Quand les victimes d’une catastrophe naturelle deviennent des esclaves modernes La catastrophe naturelle qui a touché l’Inde en juin 2013 et celle qui a touché les Philippines en novembre 2013 ont mis en évidence de façon tragique l’absence de protection de grandes parties de la population contre les caprices de la nature. D’innombrables personnes ont perdu tout ou partie de leurs moyens d’existence. Mais ça ne suffit pas encore : la situation désespérée des victimes et le chaos lié à la catastrophe accroissent considérablement le risque d’être victime de la traite des êtres humains. Nirupa* avait 16 ans lorsque des pluies diluviennes ont causé une inondation dans son village et ses environs. L’inondation a fait perdre à sa famille, pauvre, une partie de ses biens et, plus grave encore, a privé son père de son travail, alors que c’est lui qui faisait vivre la famille. Celle-ci s’est ainsi retrouvée dans une situation difficile. Peu après l’inondation, un jeune d’un village voisin est venu demander la main de Nirupa. Ses parents ont accepté à contrecœur. Bien qu’ils y fussent plutôt défavorables, ils pensaient que c’était la meilleure solution pour améliorer quelque peu leur situation et offrir à Nirupa un avenir meilleur. Il est apparu ensuite que la demande en mariage n’était qu’un prétexte pour emmener leur fille et la vendre à un trafiquant d’êtres humains. La famille l’a su et a pu libérer Nirupa avec l’aide de la police. De nombreuses victimes de la traite des êtres humains ne bénéficient d’aucune aide. Elles se retrouvent esclaves quelque part dans le monde : dans leur propre pays, dans un pays voisin ou loin de chez elles, selon ce que les trafiquants veulent faire d’elles.
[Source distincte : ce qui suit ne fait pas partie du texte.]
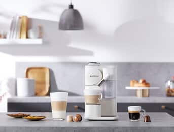 Genießen Sie dank der Nespresso Lattissima One hochwertigen Kaffee bequem bei sich zu Hause. Diese raffinierte, weiße Kaffeemaschine setzt sowohl im Aussehen als auch in der Ausstattung ein stilvolles Statement und bietet gleichzeitig eine Reihe von hochwertigen Kaffeerezepten. Das Single-Serve-Cappuccino-System und andere umweltfreundliche Funktionen sorgen dafür, dass möglichst wenig Abfall entsteht.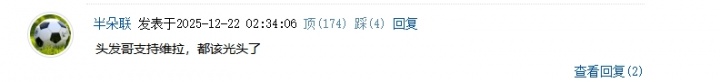 这不禁让人想起本场比赛维拉的对手——曼联的一位球迷,外号“蓄发哥”。他之前号称“曼联不五连胜不理发。”有位吧友在评论区幽默写道,若蓄发哥支持维拉,早就光头了。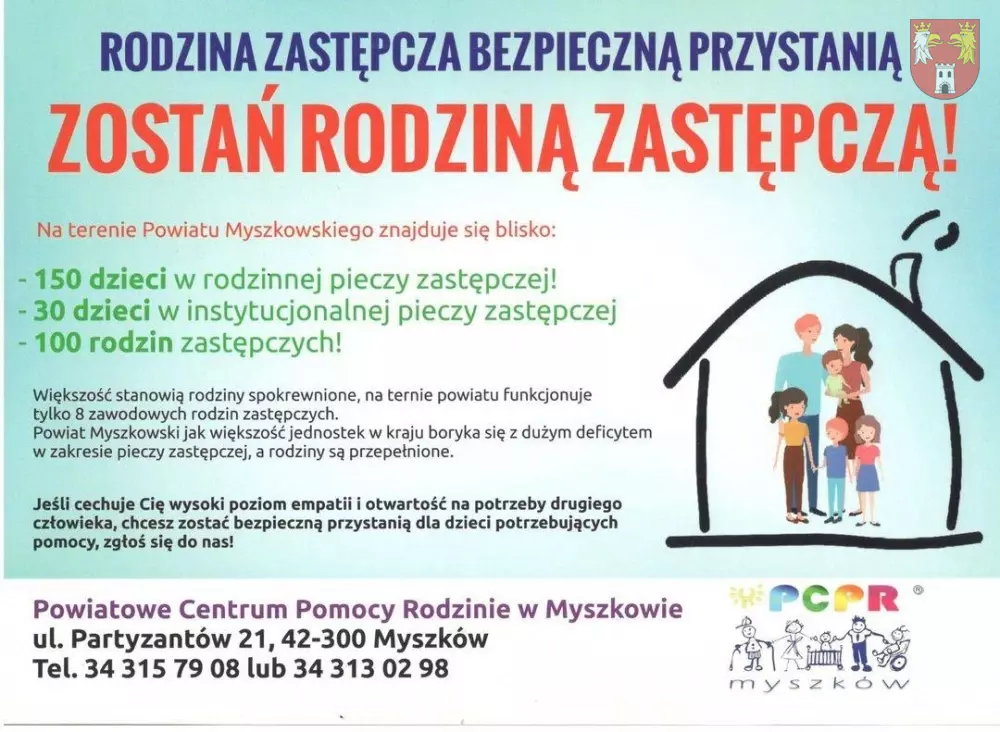 PCPR w Myszkowie zaprasza do kontaktu kandydatów na rodziców zastępczych.![]()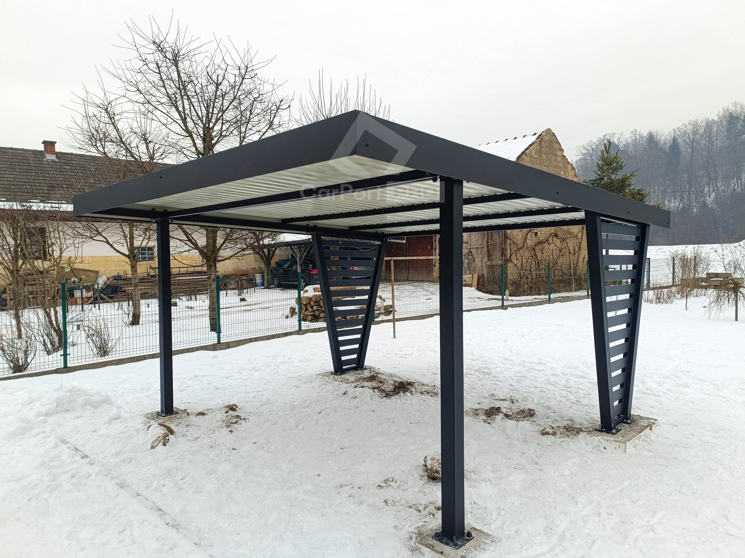 - Cała konstrukcja carportu malowana metodą proszkową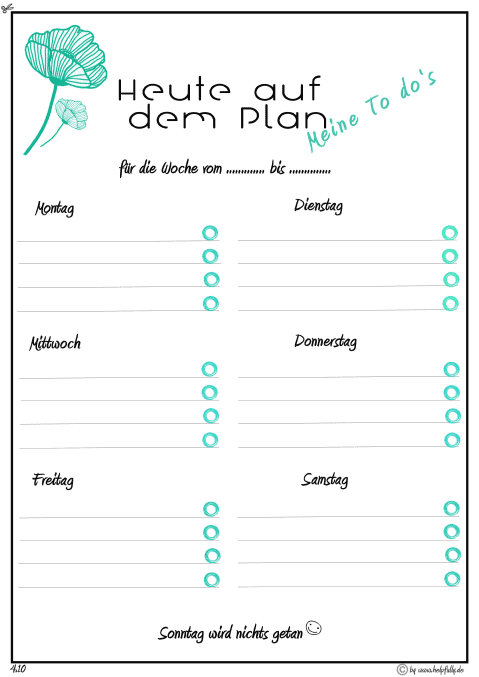 Dies, das und noch jenes… Ja, wir kennen die Wochen-To-Do’s nur zu gut, die sich gerne mal verschleppen oder vergessen gehen. Probier’s mal mit dem Wochenplaner zum Ausdrucken, denn dann hast Du’s direkt vor Augen. Ausfüllen, erledigen und Haken dran machen – ein echt gutes Gefühl!

La traite des êtres humains comme conséquence d’une catastrophe L’histoire de Nirupa n’est pas unique. La traite des êtres humains est un problème mondial. Du fait de sa nature cachée, il est difficile de chiffrer le nombre de victimes, mais on estime que de 21 à 30 millions de femmes et d’hommes vivent en esclavage ou dans des situations analogues et que, dans de nombreux cas, c’est la conséquence de la traite des êtres humains. Le rapport entre la traite des êtres humains et les catastrophes naturelles n’a été que peu étudié. Certains indices laissent supposer que les victimes de la traite des êtres humains sont plus nombreuses après une catastrophe naturelle que dans des conditions normales. Il n’est cependant pas possible de le dire avec certitude. Certaines informations font cependant penser que le risque d’être victime de la traite des êtres humains s’accroît fortement après une catastrophe naturelle. Cette situation s’explique par différents facteurs. Le cas de Nirupa nous montre que la perte des moyens d’existence provoquée par une catastrophe naturelle conduit à des situations désespérées, dans lesquelles les gens ne voient pas d’autres issues que la migration. Les trafiquants d’êtres humains profitent alors de la misère des familles en leur faisant croire qu’ils peuvent les aider.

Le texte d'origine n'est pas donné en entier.